Input for this task:
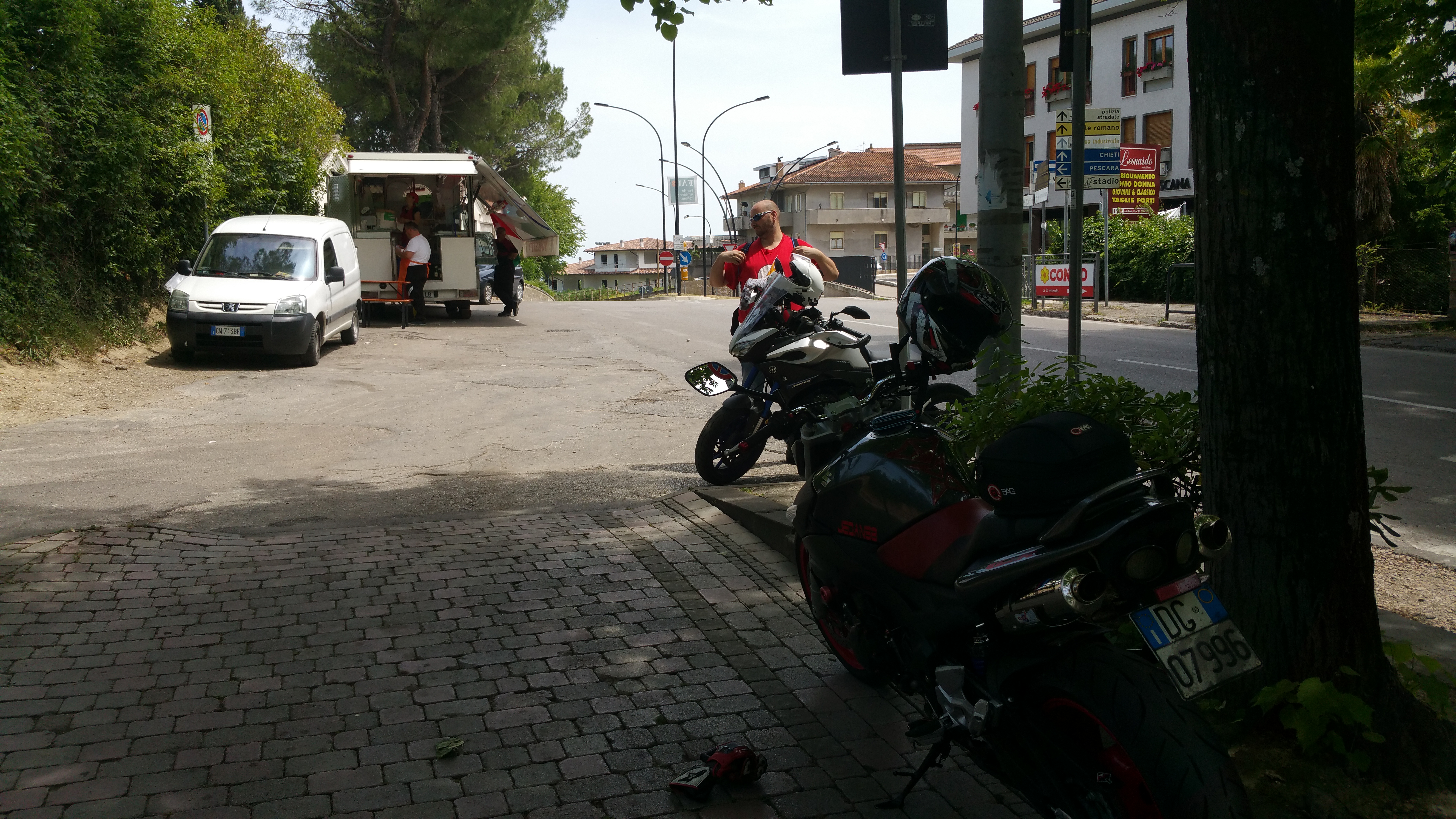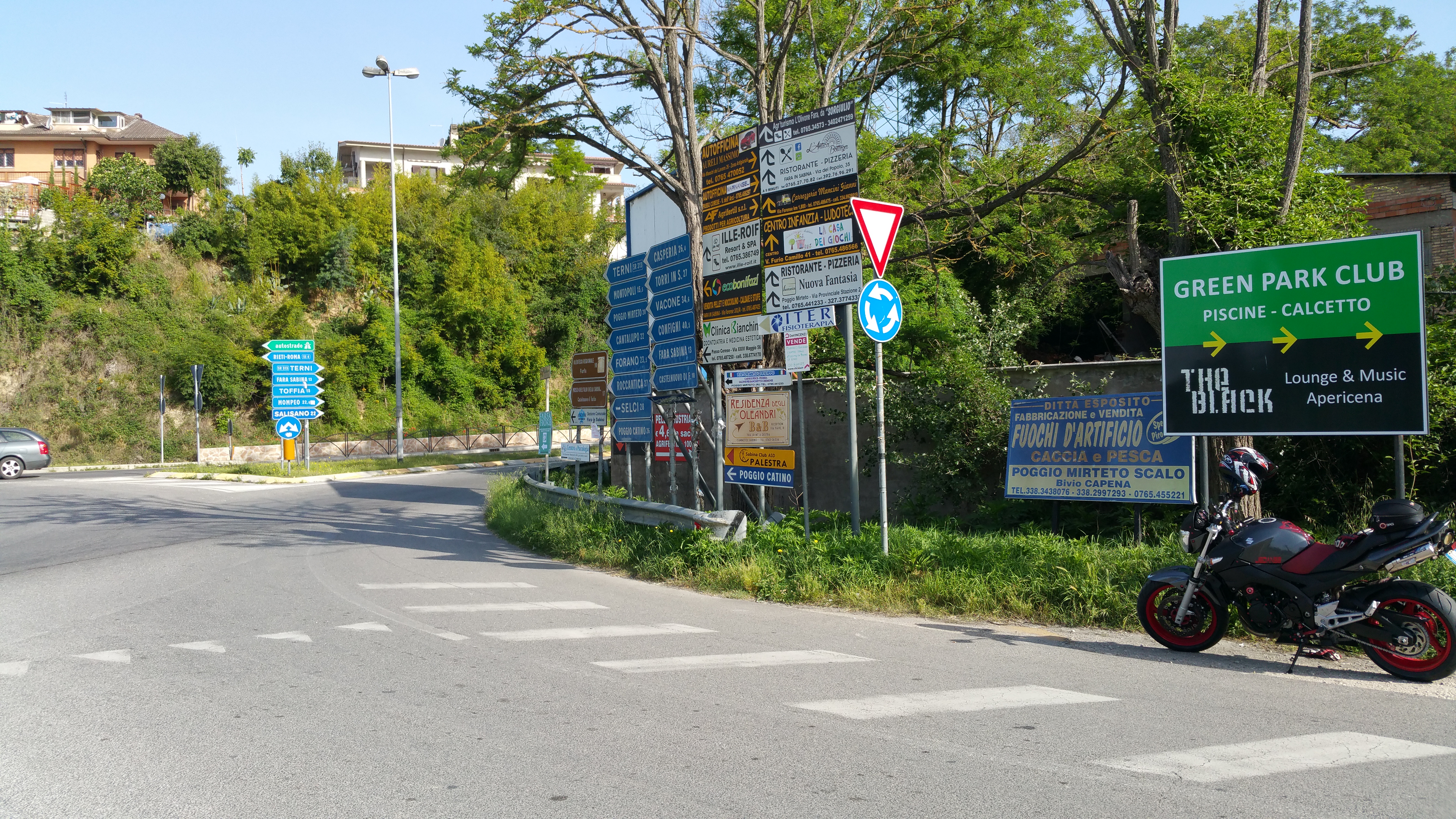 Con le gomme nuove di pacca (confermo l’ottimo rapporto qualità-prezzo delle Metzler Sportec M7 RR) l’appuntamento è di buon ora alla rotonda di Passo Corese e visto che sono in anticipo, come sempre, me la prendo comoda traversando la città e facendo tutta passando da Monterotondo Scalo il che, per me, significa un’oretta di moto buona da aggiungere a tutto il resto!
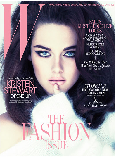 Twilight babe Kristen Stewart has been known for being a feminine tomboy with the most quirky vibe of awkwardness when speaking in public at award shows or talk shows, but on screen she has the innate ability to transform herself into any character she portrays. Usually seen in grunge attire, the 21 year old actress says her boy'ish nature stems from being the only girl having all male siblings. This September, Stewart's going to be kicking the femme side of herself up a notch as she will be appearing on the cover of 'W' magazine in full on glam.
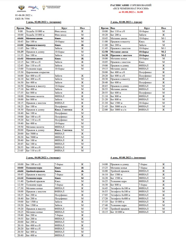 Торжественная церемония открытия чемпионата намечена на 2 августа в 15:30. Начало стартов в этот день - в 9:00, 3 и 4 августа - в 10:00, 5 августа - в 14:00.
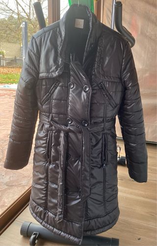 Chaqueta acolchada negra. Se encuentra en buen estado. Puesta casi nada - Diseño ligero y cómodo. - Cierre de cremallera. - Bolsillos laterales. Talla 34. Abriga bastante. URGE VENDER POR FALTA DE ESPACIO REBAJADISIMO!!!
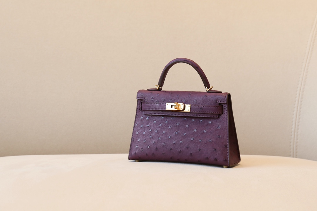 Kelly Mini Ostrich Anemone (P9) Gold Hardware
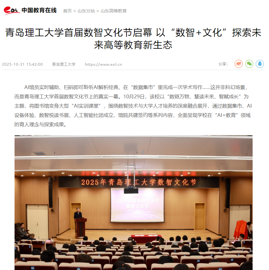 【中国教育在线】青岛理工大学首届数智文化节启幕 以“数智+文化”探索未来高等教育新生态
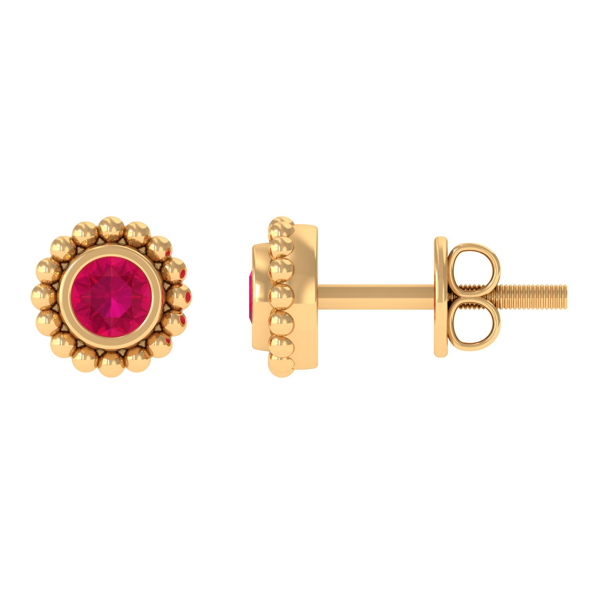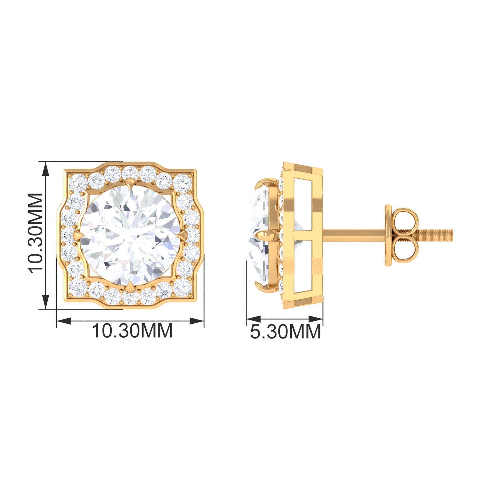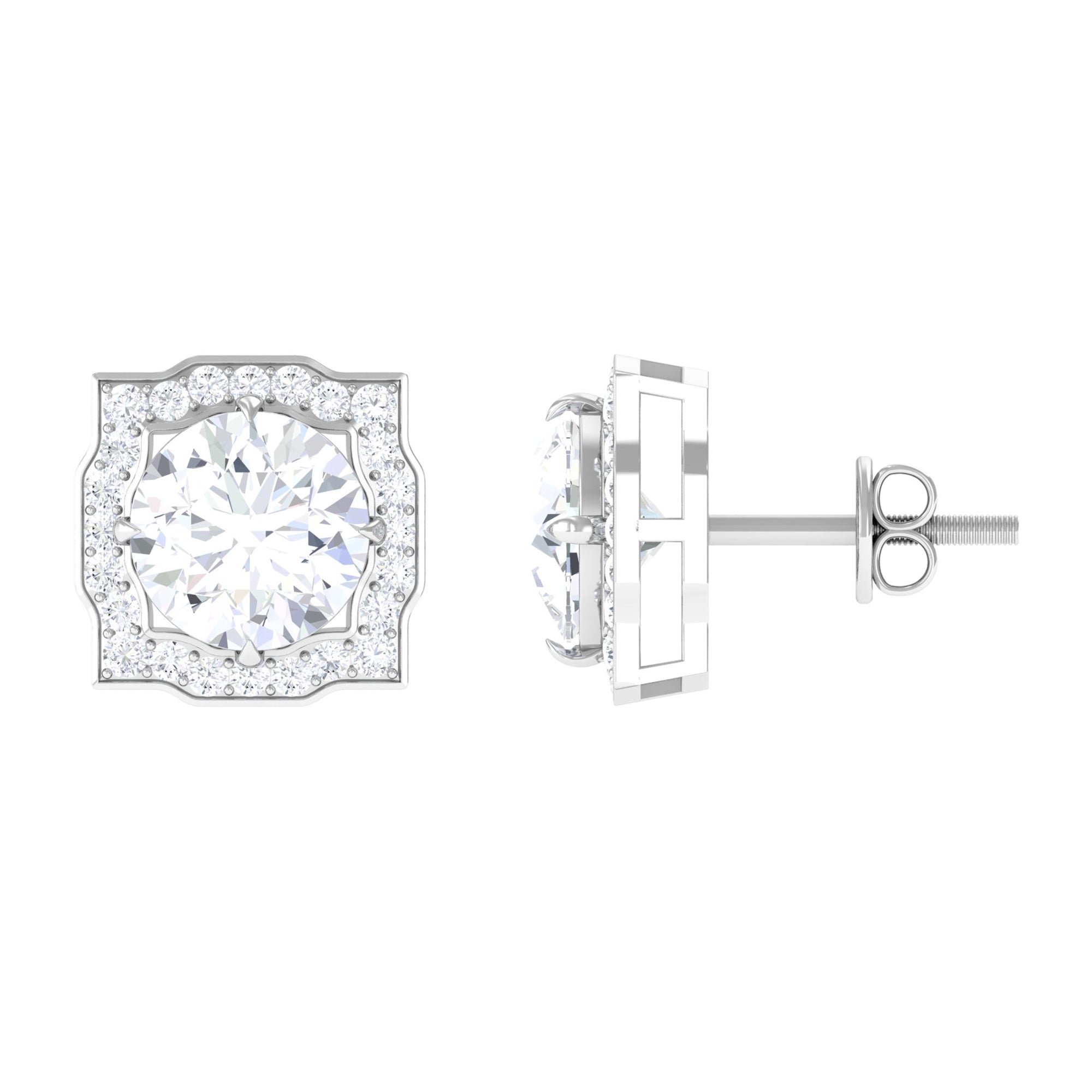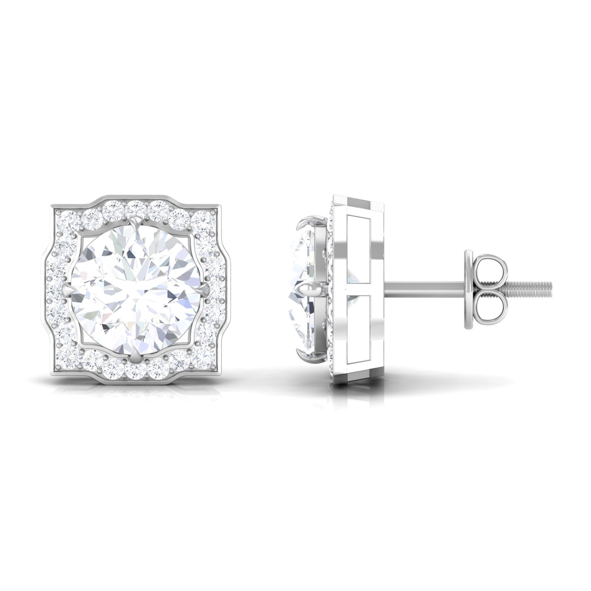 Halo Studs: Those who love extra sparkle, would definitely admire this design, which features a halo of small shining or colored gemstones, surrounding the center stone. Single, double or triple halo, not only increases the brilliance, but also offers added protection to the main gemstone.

Aim of the exercise:
Transcribe, word for word, only the material from its opening line through the line containing "Twilight babe Kristen", both ends included, and omit the pictures.

Problem solution:
 Con le gomme nuove di pacca (confermo l’ottimo rapporto qualità-prezzo delle Metzler Sportec M7 RR) l’appuntamento è di buon ora alla rotonda di Passo Corese e visto che sono in anticipo, come sempre, me la prendo comoda traversando la città e facendo tutta passando da Monterotondo Scalo il che, per me, significa un’oretta di moto buona da aggiungere a tutto il resto!
 Twilight babe Kristen Stewart has been known for being a feminine tomboy with the most quirky vibe of awkwardness when speaking in public at award shows or talk shows, but on screen she has the innate ability to transform herself into any character she portrays. Usually seen in grunge attire, the 21 year old actress says her boy'ish nature stems from being the only girl having all male siblings. This September, Stewart's going to be kicking the femme side of herself up a notch as she will be appearing on the cover of 'W' magazine in full on glam.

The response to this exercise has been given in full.